Information:
***

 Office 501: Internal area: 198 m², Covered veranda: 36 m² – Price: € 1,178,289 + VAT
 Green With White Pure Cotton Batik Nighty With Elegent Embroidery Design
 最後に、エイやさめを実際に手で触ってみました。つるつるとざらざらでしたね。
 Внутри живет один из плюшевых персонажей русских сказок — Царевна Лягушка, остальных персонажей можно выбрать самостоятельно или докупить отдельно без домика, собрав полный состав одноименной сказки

***

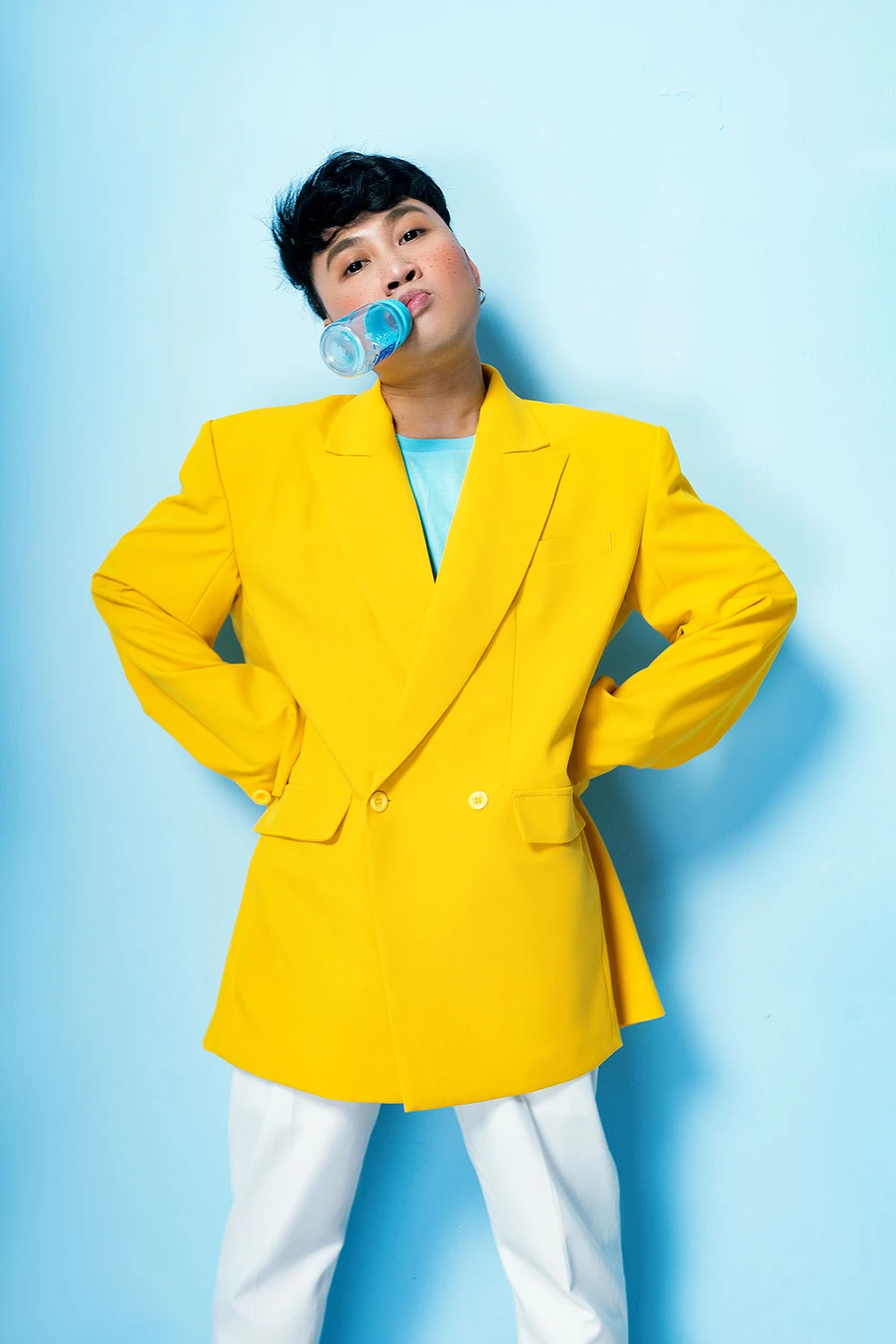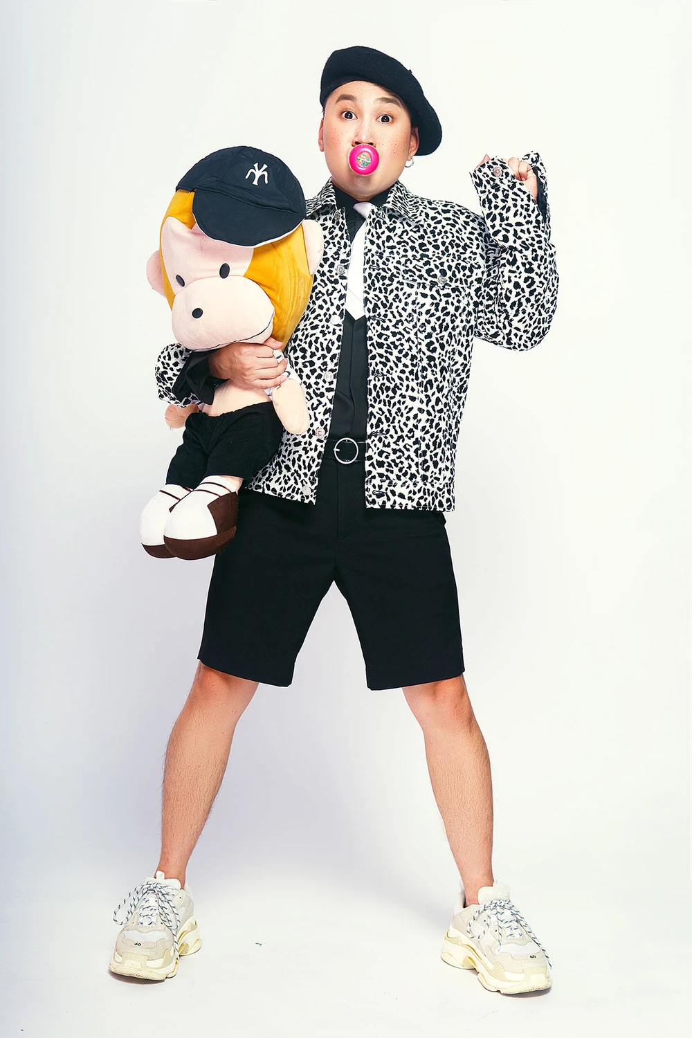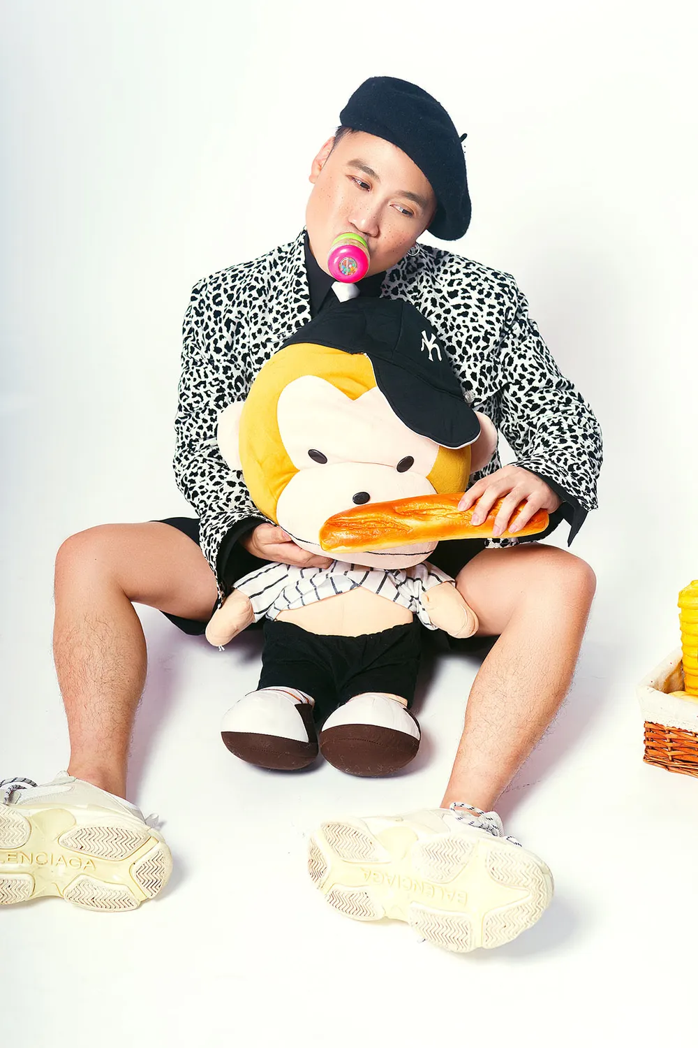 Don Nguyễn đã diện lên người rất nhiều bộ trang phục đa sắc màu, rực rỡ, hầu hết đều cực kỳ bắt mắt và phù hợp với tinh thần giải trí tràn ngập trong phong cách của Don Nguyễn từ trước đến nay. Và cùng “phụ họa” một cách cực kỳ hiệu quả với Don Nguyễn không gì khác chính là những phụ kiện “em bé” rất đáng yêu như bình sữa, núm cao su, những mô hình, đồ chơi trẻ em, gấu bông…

***

Exercise directions: Could you transcribe the entries above word for word, from the line with "Office 501: Internal" down to the line with "最後に、エイやさめを実際に手で触ってみました。つるつるとざらざらでしたね。", keeping both?

Solution for this task:
 Office 501: Internal area: 198 m², Covered veranda: 36 m² – Price: € 1,178,289 + VAT
 Green With White Pure Cotton Batik Nighty With Elegent Embroidery Design
 最後に、エイやさめを実際に手で触ってみました。つるつるとざらざらでしたね。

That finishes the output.